The US could already be miscalculating by suggesting a Russian supply-shutoff to Europe is “unrealistic”. First, it happened twice before, though indirectly and for different reasons. Second, this time President Putin could use it strategically in an attempt to drive a wedge between the US and the EU depending on how far the latter is willing to go in terms of joining the US in tightening the screws on Russia.

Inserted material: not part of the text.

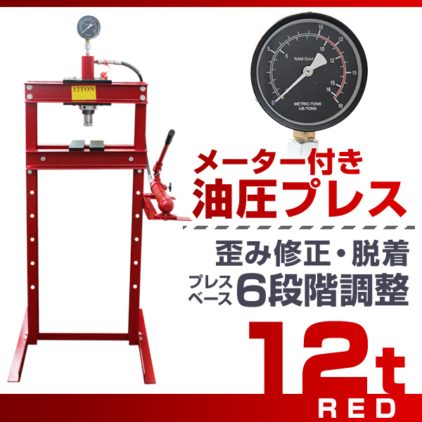 油圧プレス 12トン メーター付 門型 油圧プレス機 12t 赤 自動車整備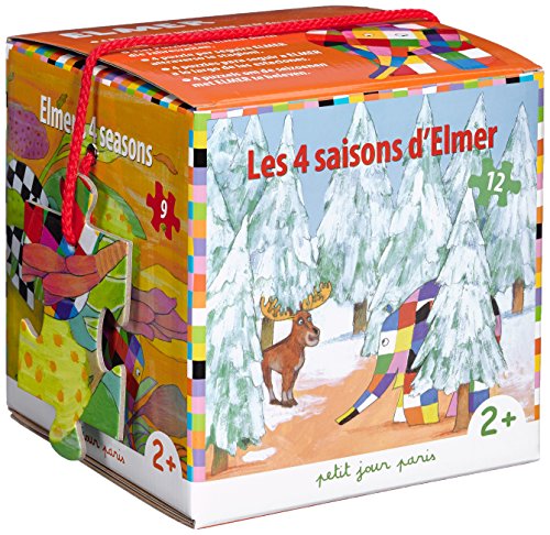 Coffret de 4 puzzles Parcourez les 4 saisons grâce aux puzzles à l’effigie d’Elmer le petit éléphant coloré.

However, debilitating the Alliance by undercutting EU-US relations could also come about ‘indirectly’ with acts of pipeline sabotage enacted during military skirmishes – at a minimum – on Ukrainian soil. In that case, President Putin would have plausible deniability following the currently applied logic that there are supposedly no Russian soldiers in the Eastern Ukraine. Note, this ‘indirect act’ would be crucial for Gazprom to avoid contractual penalties imposed by European gas consumers whose supplies would be disrupted. Gazprom could ostensibly invoke “force majeure”. Moreover, it could be argued that less prosperous societies tend to absorb prohibitive costs better than wealthier democratic societies because the latter would have to adjust their respective standard of living downward and are unlikely to be willing to do so.
Eastern Europe is front and center in another potential US miscalculation. Former US Ambassador to NATO Daalder assumes the Ukraine crisis will bring the US and Europe closer together. However, frictions – potentially even within the EU – are already on the horizon. This brings back unpleasant memories of 2003, when then US Secretary of Defense Donald Rumsfeld addressed EU foreign policy weaknesses with regard to internal European division over the use of force in Iraq. He distinguished between “old” Europe (i.e. Germany) and “new” Europe (i.e. formerly communist, Eastern European countries such as Poland). In today’s geopolitical world, energy security remains an integral part of foreign policy as countries scramble to lock up long-term supplies of natural resources at low prices. The standoff with Russia over its actions in Ukraine could illustrate the “old” versus “new” European distinction remains valid, particularly in the energy space. It is important to note that before meeting German Chancellor Angela Merkel in March, Polish Prime Minister Donald Tusk told a news conference the following according to Reuters:
“Germany’s dependence on Russian gas may effectively decrease Europe’s sovereignty. (…) Increasingly more expensive energy in Europe due to exorbitant climate and environmental ambitions may also mean greater dependence in Russian energy sources. (…) The question of Ukraine is a question of EU’s future, EU’s safety, and a correction of EU’s energy policy.”